With gridlock in Congress, expect the judicial branch to be the branch of government where the most action takes place regarding changes in employment law, Andy Zandy, a labor and employment law attorney with Ford & Harrison LLP, said Monday at the CUNA Human Resources & Organizational Development Council Conference Monday in Anaheim, Calif.
The federal court system is slowly taking on a conservative shift, he says. The Trump Administration has appointed two judges to the U.S. Supreme Court and has more than doubled the number of judges it confirmed to the Federal Appeals Courts in 2018.
That exceeds the pace of the last five presidents, Zandy says. The 12 U.S. Circuit Courts are now composed of more than 25% Trump-appointed judges.
While Democrats control the House and Republicans the Senate, expect gridlock to continue in the legislative branch.
While Zandy doesn’t expect much legislation to pass, he believes there will be many discussions about minimum wage, overtime rules, wellness regulations, paid sick leave, and joint employment (shared employees among two or more companies).
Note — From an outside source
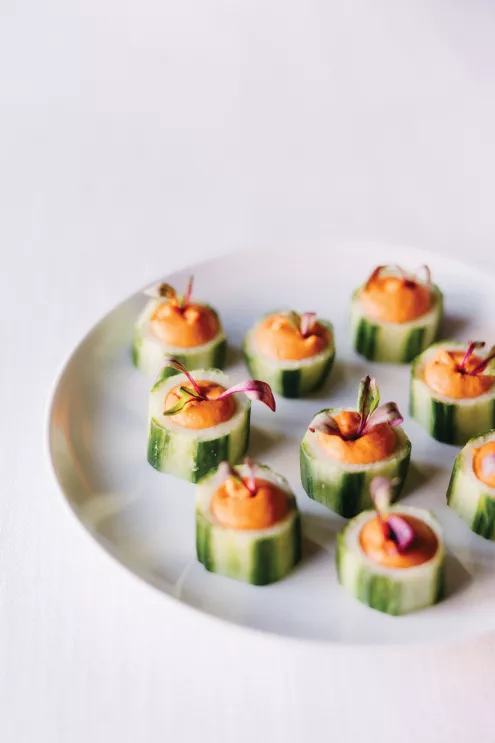 CUCUMBER CUPS WITH SPICY RED PEPPER HUMMUS
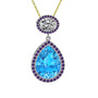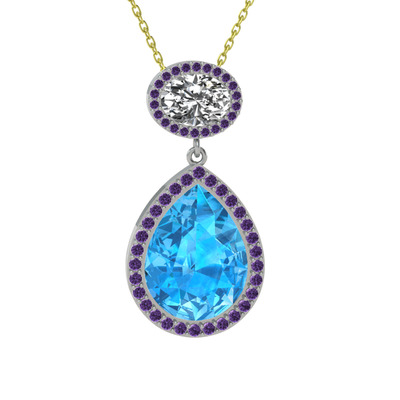 Akuamarin, beyaz zirkon ve ametist 925 ayar gümüş kolye (40 cm altın rolo zincir)

Employees filed fewer discrimination charges with the Equal Employment Opportunity Commission (EEOC) in the last fiscal year than they have in more than a decade, Zandy says, despite the surge in sexual harassment reports the #MeToo movement spurred.
EEOC received 76,418 complaints in 2018, with retaliation, sex, disability, and race discrimination cases topping the list. Sexual harassment made up less than one third of sex discrimination charges.
The Department of Labor (DOL) issued a replacement of the Obama Administration’s overtime rule, raising the minimum salary threshold to $35,308 per year. That’s $12,000 less than the what amount the Obama Administration proposed.
The DOL says the proposed rule will increase the number of overtime-eligible employees by more than one million.